The n-queens puzzle is the problem of placing n queens on an n x n chessboard such that no two queens attack each other.

Given an integer n, return all distinct solutions to the n-queens puzzle. You may return the answer in any order.

Each solution contains a distinct board configuration of the n-queens' placement, where 'Q' and '.' both indicate a queen and an empty space, respectively.

 

Example 1:

Input: n = 4
Output: [[".Q..","...Q","Q...","..Q."],["..Q.","Q...","...Q",".Q.."]]
Explanation: There exist two distinct solutions to the 4-queens puzzle as shown above

Example 2:

Input: n = 1
Output: [["Q"]]

 

Constraints:

  • 1 <= n <= 9

Solutions

Solution 1: DFS (Backtracking)

We define three arrays \(col\), \(dg\), and \(udg\) to represent whether there is a queen in the column, the main diagonal, and the anti-diagonal, respectively. If there is a queen at position \((i, j)\), then \(col[j]\), \(dg[i + j]\), and \(udg[n - i + j]\) are all \(1\). In addition, we use an array \(g\) to record the current state of the chessboard, where all elements in \(g\) are initially '.'.
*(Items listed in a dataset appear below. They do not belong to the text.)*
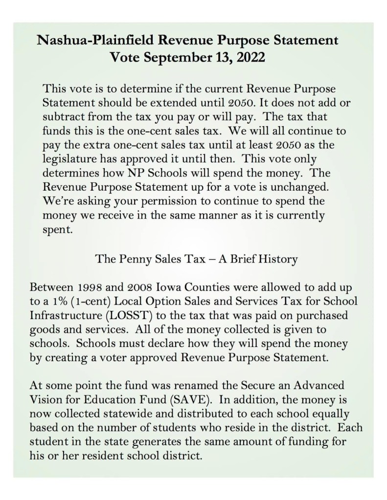 4. SCHOOL VOTE: Voters approved Nashua-Plainfield’s revenue purpose statement on Tuesday. The unofficial results are Bremer County 52-10, Chickasaw 67-3, and Floyd County 5-0.
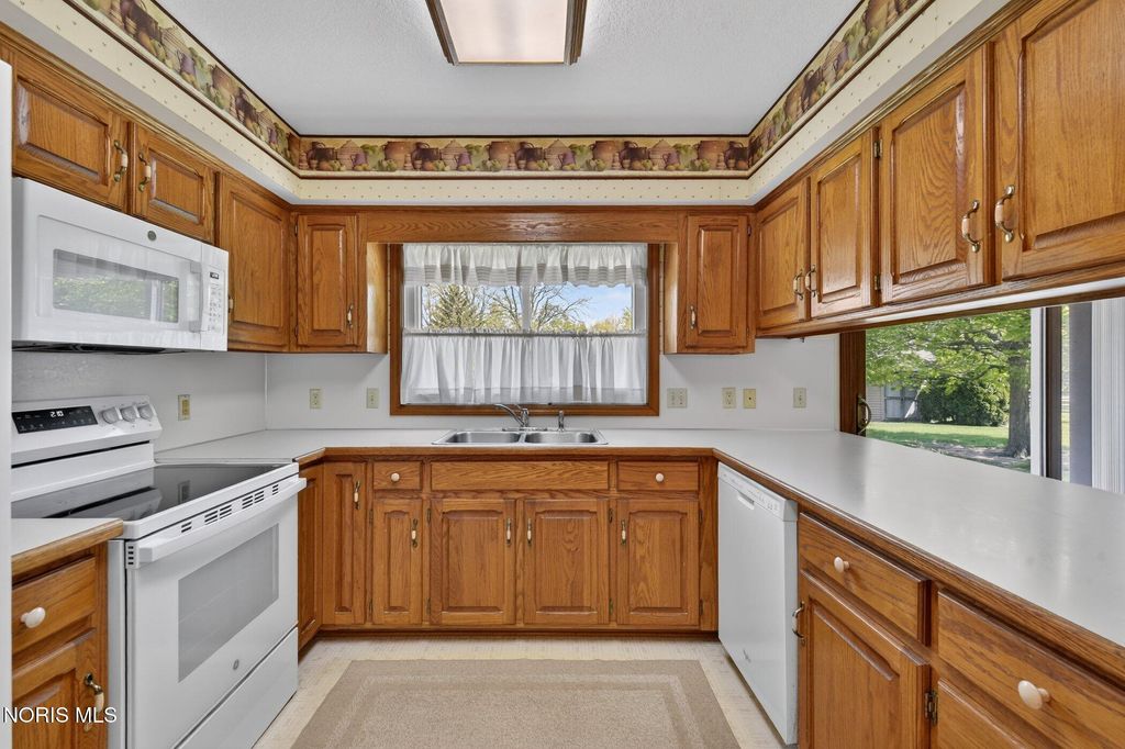 Quality built brick ranch with a smart, functional layout. Primary suite is separated from two additional bedrooms and full bath for privacy. Formal living and dining at the front, with an eat-in kitchen and family room at the back. Family room features cathedral ceilings, a floor-to-ceiling stone wood-burning fireplace, and slider to a concrete patio overlooking a large yard with no rear neighbors and shed for storage. Kitchen offers both a dedicated eating area and breakfast bar seating for 4. A 2-car attached garage with attic storage. Located in a quiet subdivision close to Metroparks, shopping and the hospital. Possession at closing.
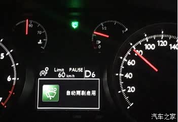 仪表原本功能。。。加装了自动大灯和自动雨刷。。这里同样的会显示。。水箱温度与油箱中间那个亮着的绿色灯是自动雨刷的图标。。。亮着表示自动雨刷启用着。
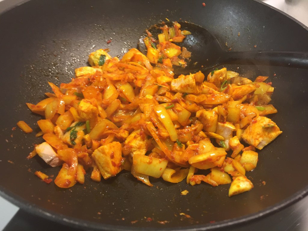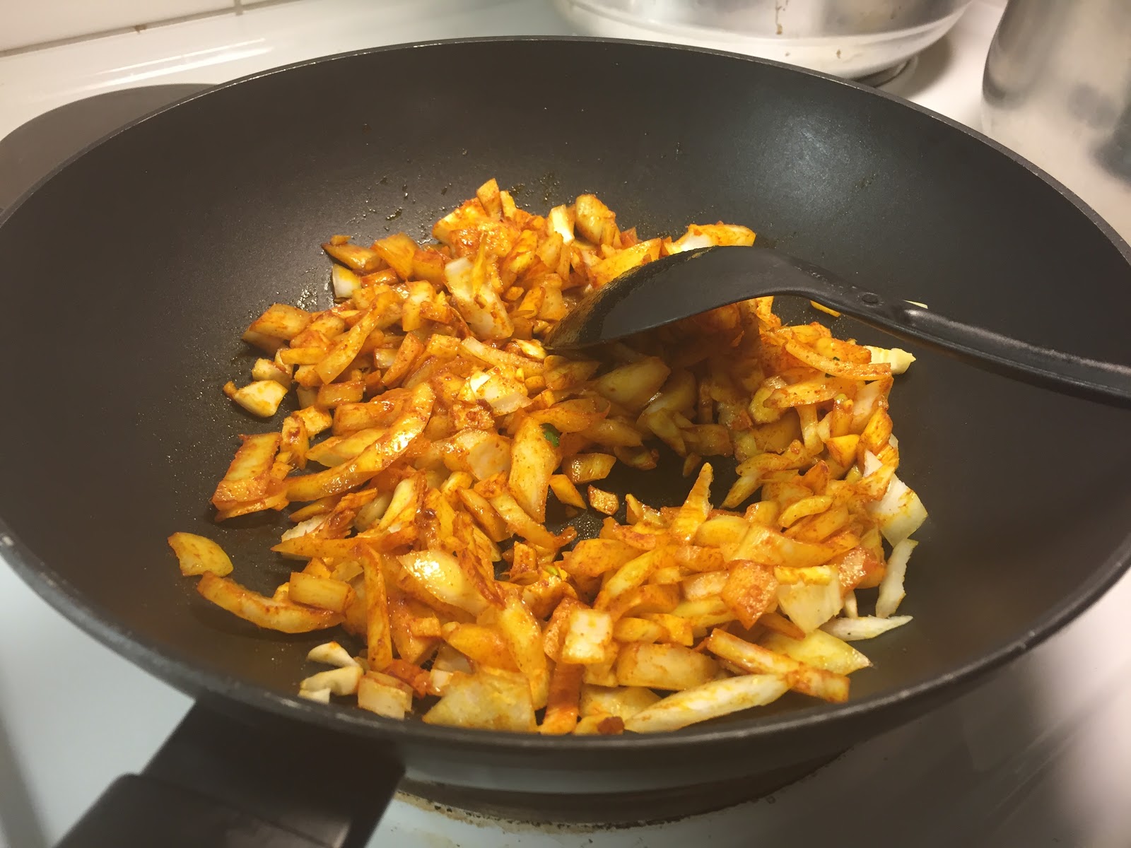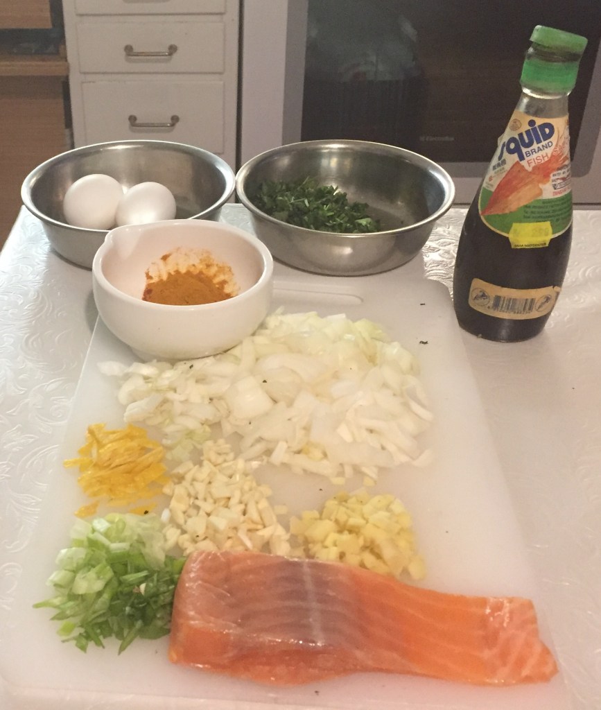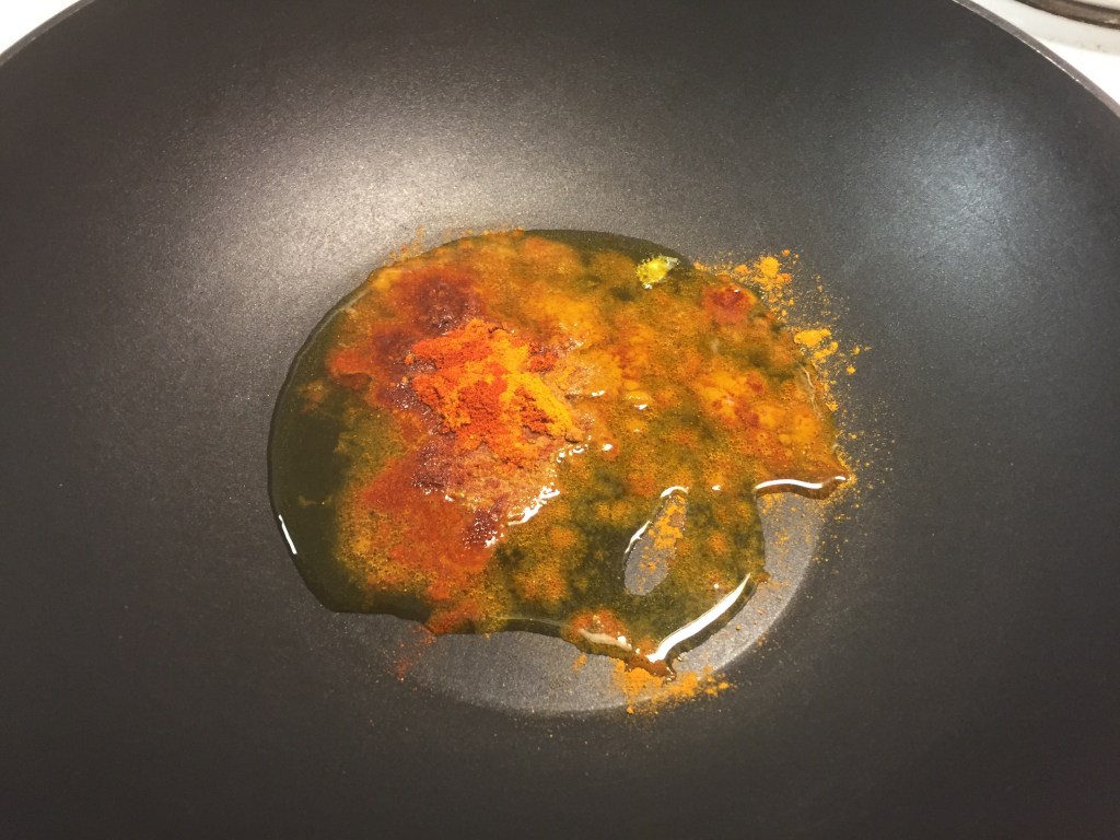 Now prepare the spices. Add a little oil in a wok or frying pan. Add all the spices and fry a little to release the fragrance and taste. Add the lemongrass, garlic, ginger, corianderstems and onions which are chopped finely. Fry for 3-4 minutes till fragrant.
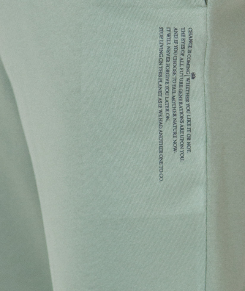 Длина: Худи 62 см, брюки 102 см Спортивный костюм для женщин. Толстовка с длинными рукавами и капюшоном, два боковых кармана в швах изделия, детали в рубчик в тон. Брюки со средней посадкой, эластичный пояс на регулируемых шнурках, боковые карманы, эластичные манжеты. Текстовый принт "Защити Планету" Изделия выполнены из петельчатого футера трехнитки высокого качества «пенье» 320г/м2. Трикотаж качества «пенье» отличается высокими износостойкими качествами и внешним видом. Перед раскроем ткани проходят декатировку (специальная обработка паром), чтобы избежать деформацию изделий при использовании и усадки после стирки. Принты нанесены при помощи шелкографии или прямой печати, после проходят термическую обработку, что придает рисунку максимальную износостойкость и позволяет сохранять яркость цвета после стирки. Комментарии к товару
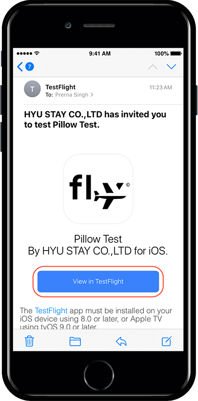 Select the <mark style="color:blue;">**\[View in TestFlight]**</mark> button in the mail.
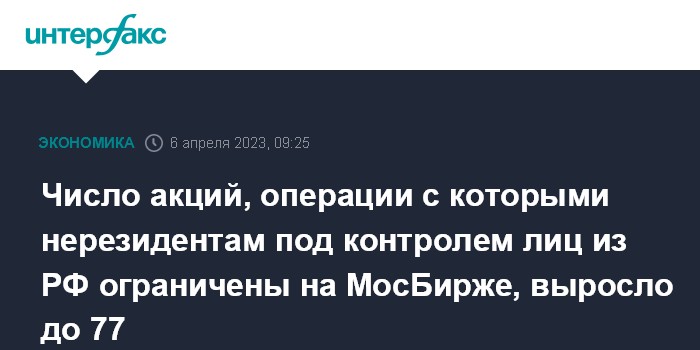 Москва. 6 апреля. INTERFAX.RU - Количество акций предприятий и организаций, на которые распространяются ограничения для совершения операций на Московской бирже клиентами-нерезидентами, находящимися под контролем российских юридических или физических лиц, увеличилось до 77.
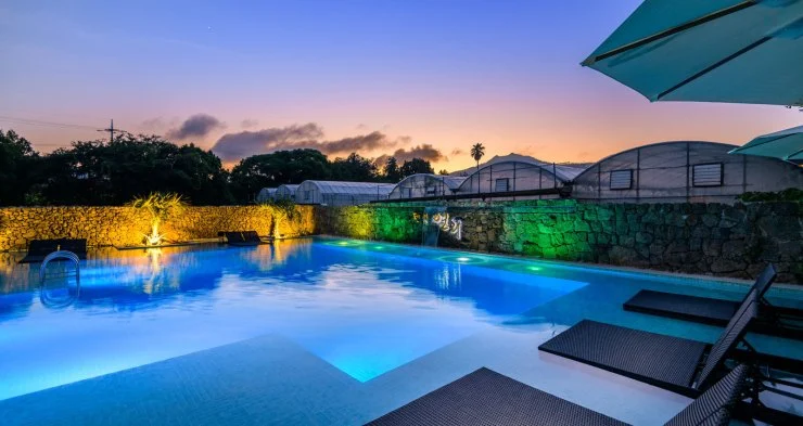 제주 까르마 풀빌라는 프라이빗하게 즐길 수 있는 럭셔리 제주 펜션입니다. 제주시에 위치해 이마트, 제주공항과도 가까워 편리해요. 아르떼 뮤지엄은 20분, 휴애리 자연생활공원은 46분 정도 소요돼요.
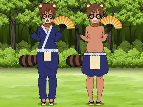 The two types of tanuki in the Western Zone are regular tanuki and the magical Bake-Danuki. Dansuke is part of a legendary bake-danuki clan from the Hinomori Mountains. He is infamous about these parts even amongst his fellow tanuki, for his mischievous and perverted antics. While some of his elders are proud of him, many don't think that he's a "proper" tanuki yet.
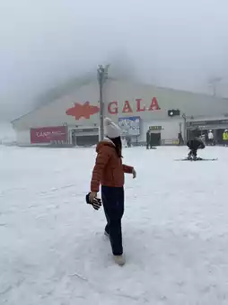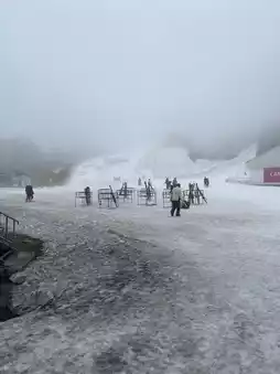 ✨When you're ready, we take the cable car to go up to the snow field! Along the way, you'll see a wide view. The higher you go, the more snow you'll see. But because there's a lot of fog, you can't see much.
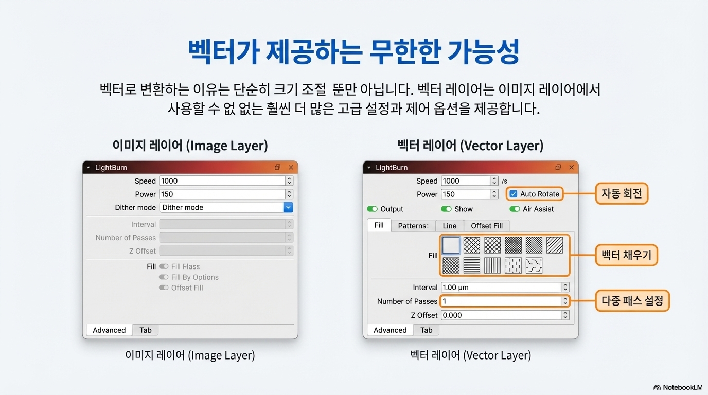 이미지를 벡터로 변환하는 것은 단순히 크기 조절을 자유롭게 하는 것 이상의 의미가 있습니다. 벡터 데이터는 라이트번의 '컷/레이어' 설정에서 훨씬 더 다양한 옵션을 제공하여, 이미지 파일로는 불가능했던 정교하고 복잡한 레이저 작업이 가능해집니다.

Next, we define a function \(dfs(i)\), which represents placing queens starting from the \(i\)th row.

In \(dfs(i)\), if \(i = n\), it means that we have completed the placement of all queens. We put the current \(g\) into the answer array and end the recursion.

Otherwise, we enumerate each column \(j\) of the current row. If there is no queen at position \((i, j)\), that is, \(col[j]\), \(dg[i + j]\), and \(udg[n - i + j]\) are all \(0\), then we can place a queen, that is, change \(g[i][j]\) to 'Q', and set \(col[j]\), \(dg[i + j]\), and \(udg[n - i + j]\) to \(1\). Then we continue to search the next row, that is, call \(dfs(i + 1)\). After the recursion ends, we need to change \(g[i][j]\) back to '.' and set \(col[j]\), \(dg[i + j]\), and \(udg[n - i + j]\) to \(0\).

In the main function, we call \(dfs(0)\) to start recursion, and finally return the answer array.

The time complexity is \(O(n^2 \times n!)\), and the space complexity is \(O(n)\). Here, \(n\) is the integer given in the problem.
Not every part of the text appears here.